*** Recorded information ***

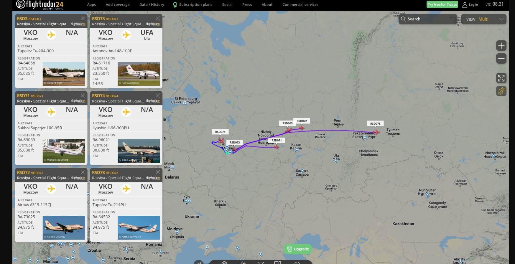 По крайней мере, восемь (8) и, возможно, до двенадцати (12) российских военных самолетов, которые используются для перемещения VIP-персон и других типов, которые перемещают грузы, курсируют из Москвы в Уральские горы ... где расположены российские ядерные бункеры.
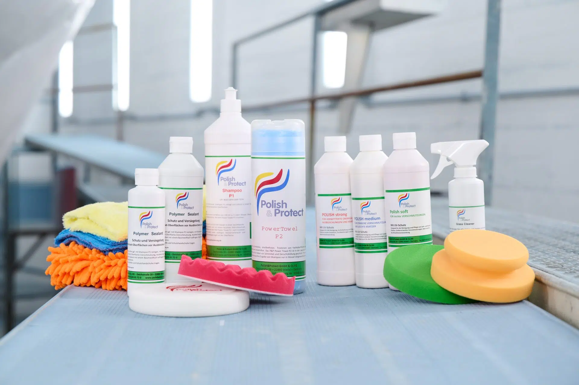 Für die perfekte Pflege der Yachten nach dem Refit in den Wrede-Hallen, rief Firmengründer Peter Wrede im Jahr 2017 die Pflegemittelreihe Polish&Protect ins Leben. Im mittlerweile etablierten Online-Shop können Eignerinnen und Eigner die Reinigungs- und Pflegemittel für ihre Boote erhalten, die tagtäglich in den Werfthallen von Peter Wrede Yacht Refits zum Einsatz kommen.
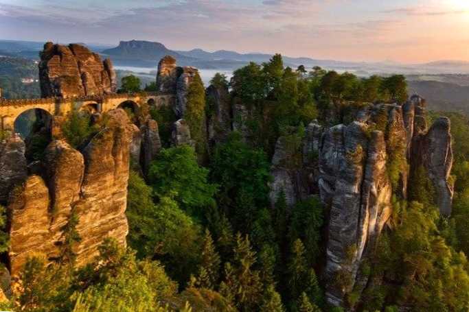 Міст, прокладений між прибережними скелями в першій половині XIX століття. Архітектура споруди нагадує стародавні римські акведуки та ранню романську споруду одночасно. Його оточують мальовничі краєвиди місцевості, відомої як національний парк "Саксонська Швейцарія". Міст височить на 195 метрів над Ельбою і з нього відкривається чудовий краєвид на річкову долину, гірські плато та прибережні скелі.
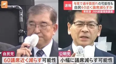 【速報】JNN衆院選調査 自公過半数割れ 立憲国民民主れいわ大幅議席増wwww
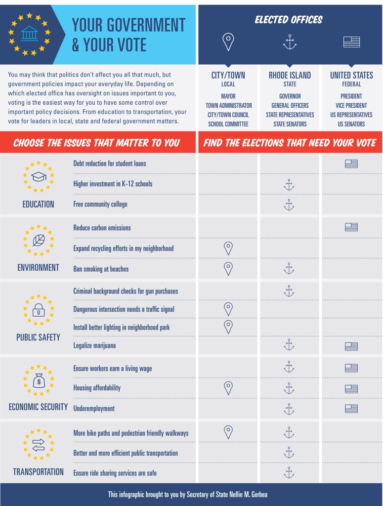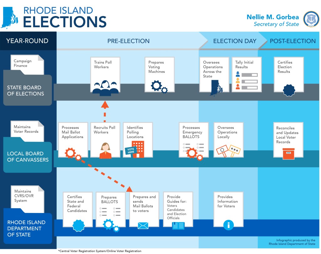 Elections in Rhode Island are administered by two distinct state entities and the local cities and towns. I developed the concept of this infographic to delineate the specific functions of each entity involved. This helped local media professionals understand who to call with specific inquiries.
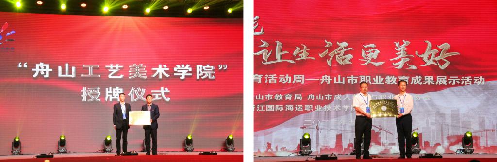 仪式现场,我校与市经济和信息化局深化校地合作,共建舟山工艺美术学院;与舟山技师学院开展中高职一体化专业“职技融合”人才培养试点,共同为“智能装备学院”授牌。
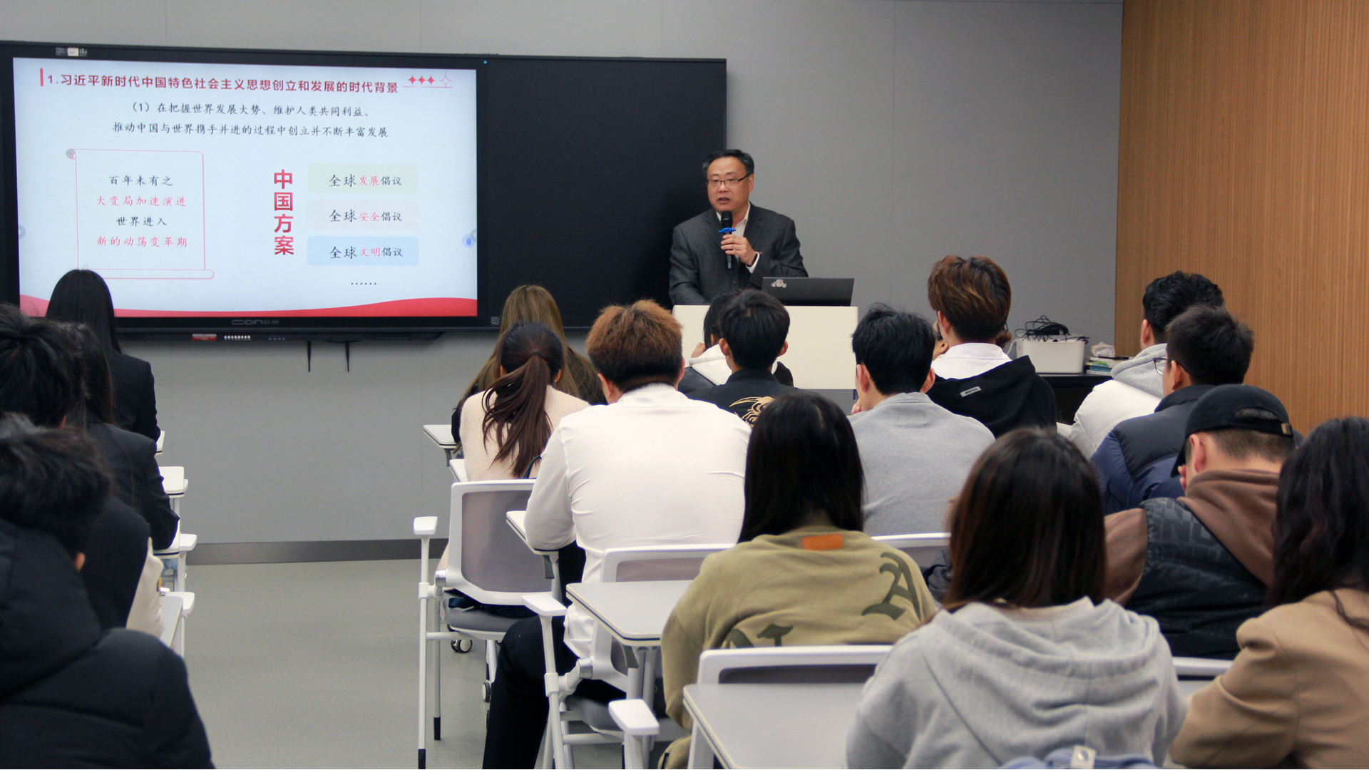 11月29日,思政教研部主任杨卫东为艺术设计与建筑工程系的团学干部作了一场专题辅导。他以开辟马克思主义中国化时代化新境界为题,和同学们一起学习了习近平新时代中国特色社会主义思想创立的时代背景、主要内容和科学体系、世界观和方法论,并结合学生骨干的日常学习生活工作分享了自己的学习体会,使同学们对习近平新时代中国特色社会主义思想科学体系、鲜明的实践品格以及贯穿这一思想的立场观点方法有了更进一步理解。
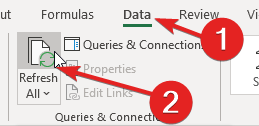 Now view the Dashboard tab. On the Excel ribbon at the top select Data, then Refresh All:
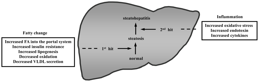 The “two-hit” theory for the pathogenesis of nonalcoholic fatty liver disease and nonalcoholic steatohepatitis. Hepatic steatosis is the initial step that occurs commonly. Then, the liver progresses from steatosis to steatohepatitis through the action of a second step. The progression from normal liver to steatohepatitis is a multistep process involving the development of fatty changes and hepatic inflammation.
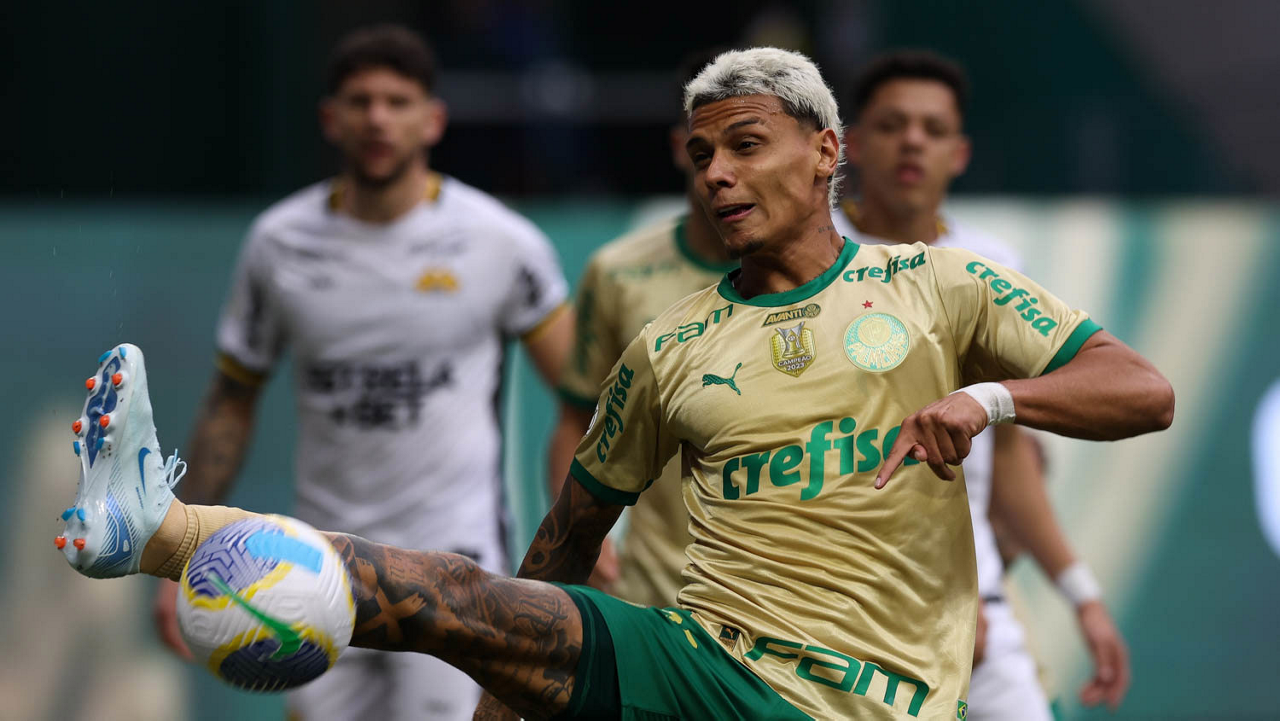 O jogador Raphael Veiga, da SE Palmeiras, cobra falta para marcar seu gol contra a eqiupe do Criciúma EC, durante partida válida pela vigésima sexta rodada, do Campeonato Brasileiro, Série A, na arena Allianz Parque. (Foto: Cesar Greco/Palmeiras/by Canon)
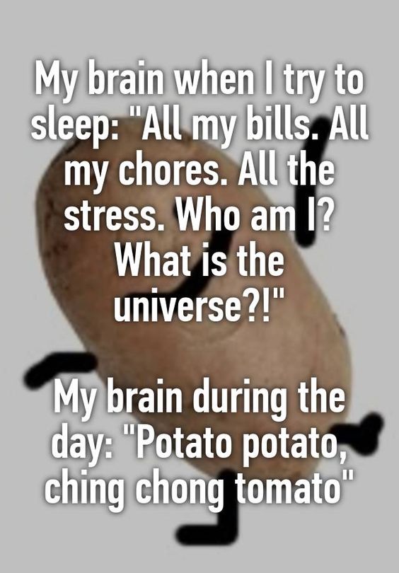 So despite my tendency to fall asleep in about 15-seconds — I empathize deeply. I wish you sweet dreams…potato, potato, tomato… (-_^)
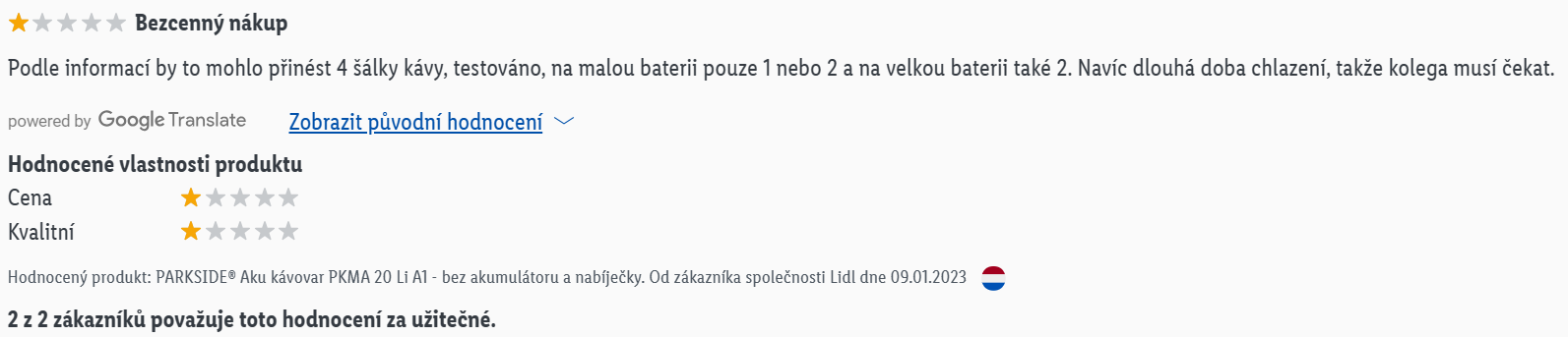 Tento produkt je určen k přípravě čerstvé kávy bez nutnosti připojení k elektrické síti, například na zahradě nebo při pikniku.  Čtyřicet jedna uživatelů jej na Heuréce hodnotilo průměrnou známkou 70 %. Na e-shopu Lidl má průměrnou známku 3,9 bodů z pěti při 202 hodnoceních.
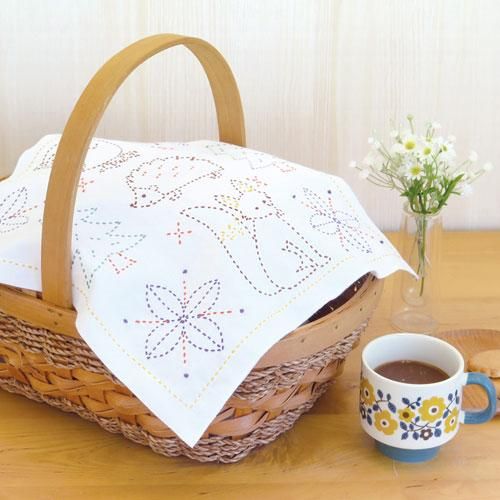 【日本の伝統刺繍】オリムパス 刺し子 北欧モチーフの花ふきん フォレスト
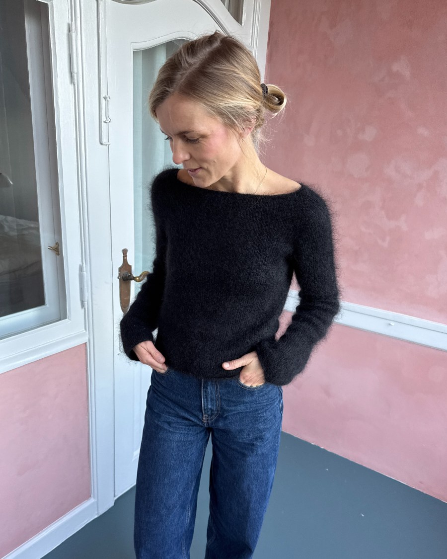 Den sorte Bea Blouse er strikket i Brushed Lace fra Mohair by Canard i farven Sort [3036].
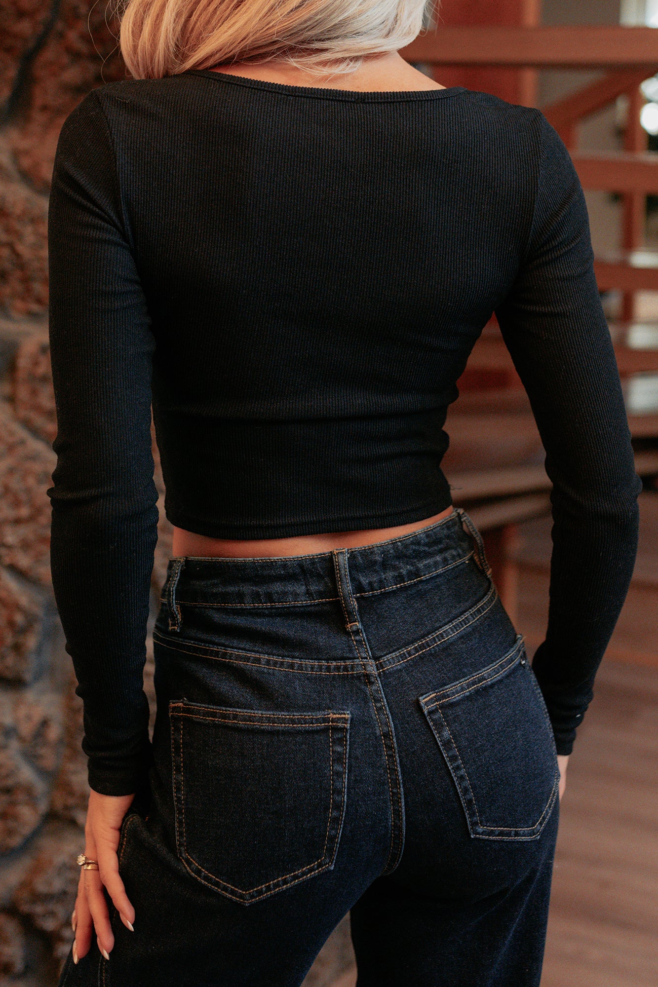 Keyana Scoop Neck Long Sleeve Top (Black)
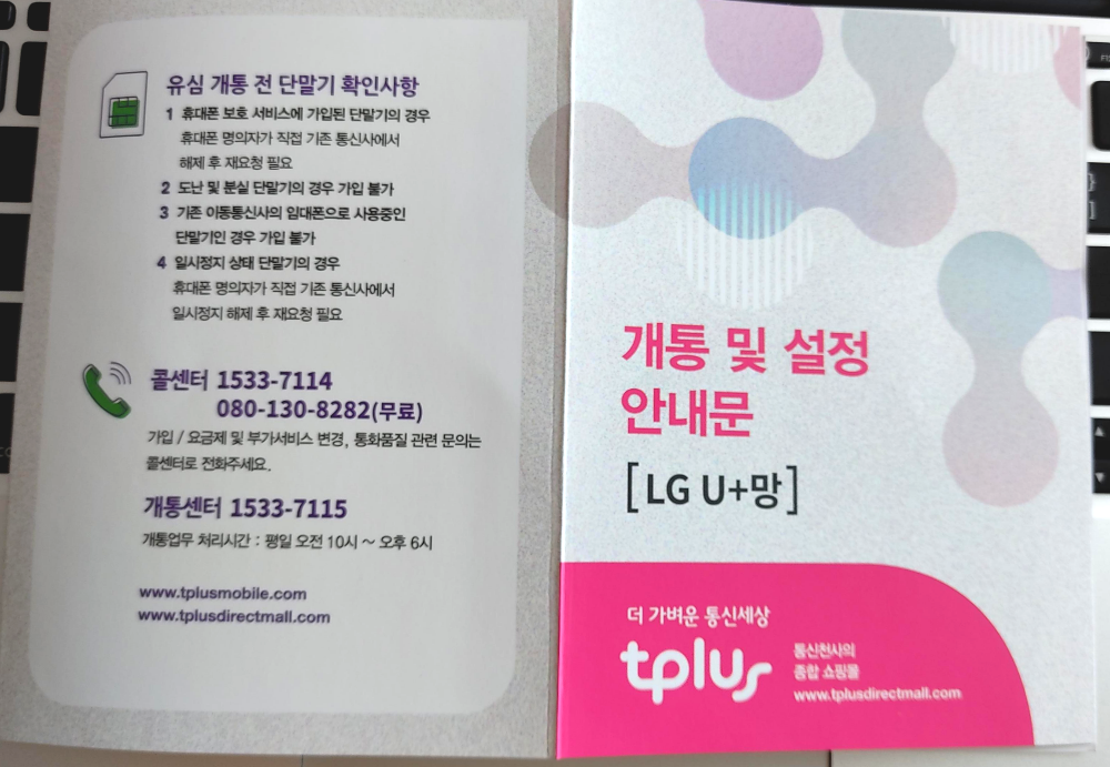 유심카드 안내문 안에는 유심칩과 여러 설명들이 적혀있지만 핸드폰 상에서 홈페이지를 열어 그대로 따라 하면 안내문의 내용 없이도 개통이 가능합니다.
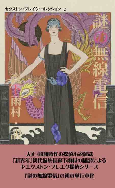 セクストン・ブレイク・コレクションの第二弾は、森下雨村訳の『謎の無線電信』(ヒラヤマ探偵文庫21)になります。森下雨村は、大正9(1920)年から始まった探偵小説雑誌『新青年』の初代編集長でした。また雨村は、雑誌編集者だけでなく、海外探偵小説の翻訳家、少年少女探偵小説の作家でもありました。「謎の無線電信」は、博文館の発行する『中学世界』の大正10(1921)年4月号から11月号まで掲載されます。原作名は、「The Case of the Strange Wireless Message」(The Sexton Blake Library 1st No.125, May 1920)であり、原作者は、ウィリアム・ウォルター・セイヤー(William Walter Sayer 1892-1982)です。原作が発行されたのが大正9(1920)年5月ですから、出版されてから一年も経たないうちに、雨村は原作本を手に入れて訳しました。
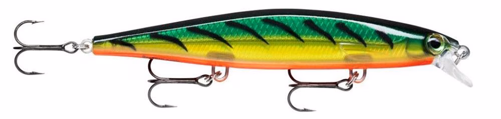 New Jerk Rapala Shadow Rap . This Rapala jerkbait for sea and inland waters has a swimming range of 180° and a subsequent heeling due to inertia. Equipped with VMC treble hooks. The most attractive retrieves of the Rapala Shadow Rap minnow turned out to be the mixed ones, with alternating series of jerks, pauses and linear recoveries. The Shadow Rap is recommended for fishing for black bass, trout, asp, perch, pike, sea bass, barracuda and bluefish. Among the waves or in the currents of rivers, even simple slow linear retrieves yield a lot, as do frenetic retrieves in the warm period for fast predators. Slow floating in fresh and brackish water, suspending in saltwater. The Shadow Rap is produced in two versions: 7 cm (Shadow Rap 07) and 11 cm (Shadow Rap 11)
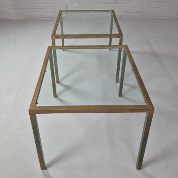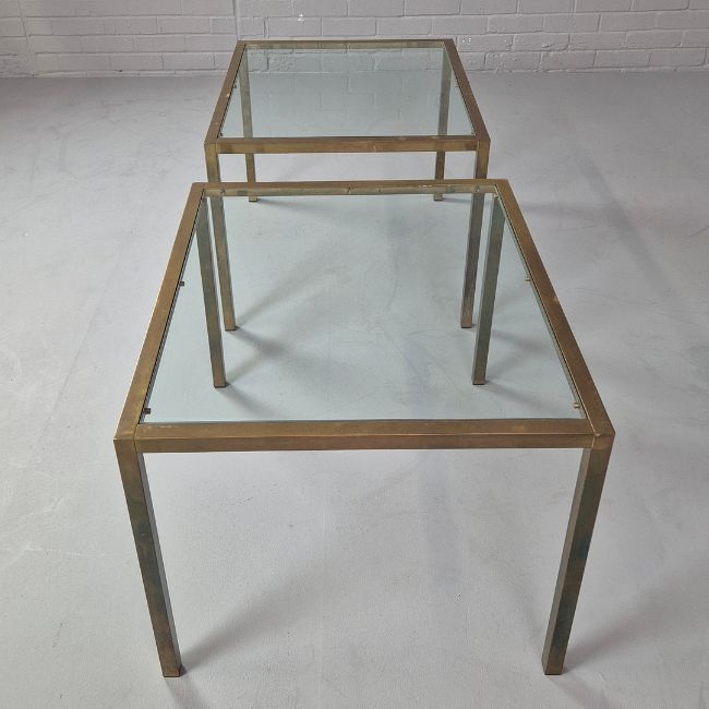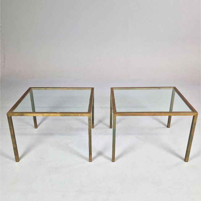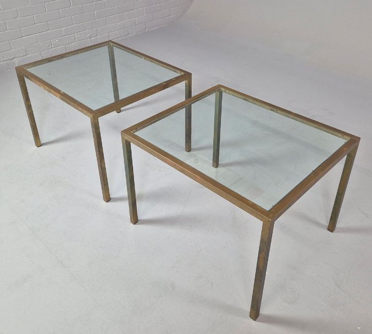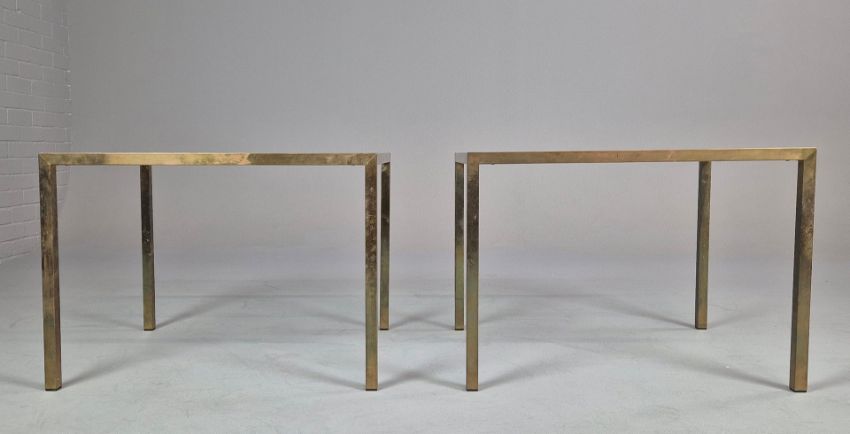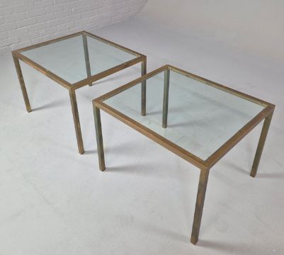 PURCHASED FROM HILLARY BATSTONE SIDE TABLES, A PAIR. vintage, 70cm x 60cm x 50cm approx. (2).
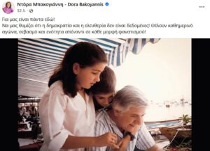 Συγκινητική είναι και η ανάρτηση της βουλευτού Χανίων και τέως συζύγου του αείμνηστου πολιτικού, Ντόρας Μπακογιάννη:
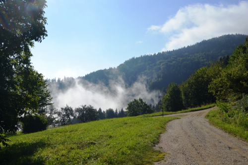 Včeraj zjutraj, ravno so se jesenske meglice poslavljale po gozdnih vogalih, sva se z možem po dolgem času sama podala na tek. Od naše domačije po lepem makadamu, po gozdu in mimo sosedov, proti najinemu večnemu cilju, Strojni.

***

Instructions for the task
For the entries above, print exactly the lines between the one with "11月29日,思政教研部主任" and the one with "Case of the", inclusive, with no pictures.

Task result
 11月29日,思政教研部主任杨卫东为艺术设计与建筑工程系的团学干部作了一场专题辅导。他以开辟马克思主义中国化时代化新境界为题,和同学们一起学习了习近平新时代中国特色社会主义思想创立的时代背景、主要内容和科学体系、世界观和方法论,并结合学生骨干的日常学习生活工作分享了自己的学习体会,使同学们对习近平新时代中国特色社会主义思想科学体系、鲜明的实践品格以及贯穿这一思想的立场观点方法有了更进一步理解。
 Now view the Dashboard tab. On the Excel ribbon at the top select Data, then Refresh All:
 The “two-hit” theory for the pathogenesis of nonalcoholic fatty liver disease and nonalcoholic steatohepatitis. Hepatic steatosis is the initial step that occurs commonly. Then, the liver progresses from steatosis to steatohepatitis through the action of a second step. The progression from normal liver to steatohepatitis is a multistep process involving the development of fatty changes and hepatic inflammation.
 O jogador Raphael Veiga, da SE Palmeiras, cobra falta para marcar seu gol contra a eqiupe do Criciúma EC, durante partida válida pela vigésima sexta rodada, do Campeonato Brasileiro, Série A, na arena Allianz Parque. (Foto: Cesar Greco/Palmeiras/by Canon)
 So despite my tendency to fall asleep in about 15-seconds — I empathize deeply. I wish you sweet dreams…potato, potato, tomato… (-_^)
 Tento produkt je určen k přípravě čerstvé kávy bez nutnosti připojení k elektrické síti, například na zahradě nebo při pikniku.  Čtyřicet jedna uživatelů jej na Heuréce hodnotilo průměrnou známkou 70 %. Na e-shopu Lidl má průměrnou známku 3,9 bodů z pěti při 202 hodnoceních.
 【日本の伝統刺繍】オリムパス 刺し子 北欧モチーフの花ふきん フォレスト
 Den sorte Bea Blouse er strikket i Brushed Lace fra Mohair by Canard i farven Sort [3036].
 Keyana Scoop Neck Long Sleeve Top (Black)
 유심카드 안내문 안에는 유심칩과 여러 설명들이 적혀있지만 핸드폰 상에서 홈페이지를 열어 그대로 따라 하면 안내문의 내용 없이도 개통이 가능합니다.
 セクストン・ブレイク・コレクションの第二弾は、森下雨村訳の『謎の無線電信』(ヒラヤマ探偵文庫21)になります。森下雨村は、大正9(1920)年から始まった探偵小説雑誌『新青年』の初代編集長でした。また雨村は、雑誌編集者だけでなく、海外探偵小説の翻訳家、少年少女探偵小説の作家でもありました。「謎の無線電信」は、博文館の発行する『中学世界』の大正10(1921)年4月号から11月号まで掲載されます。原作名は、「The Case of the Strange Wireless Message」(The Sexton Blake Library 1st No.125, May 1920)であり、原作者は、ウィリアム・ウォルター・セイヤー(William Walter Sayer 1892-1982)です。原作が発行されたのが大正9(1920)年5月ですから、出版されてから一年も経たないうちに、雨村は原作本を手に入れて訳しました。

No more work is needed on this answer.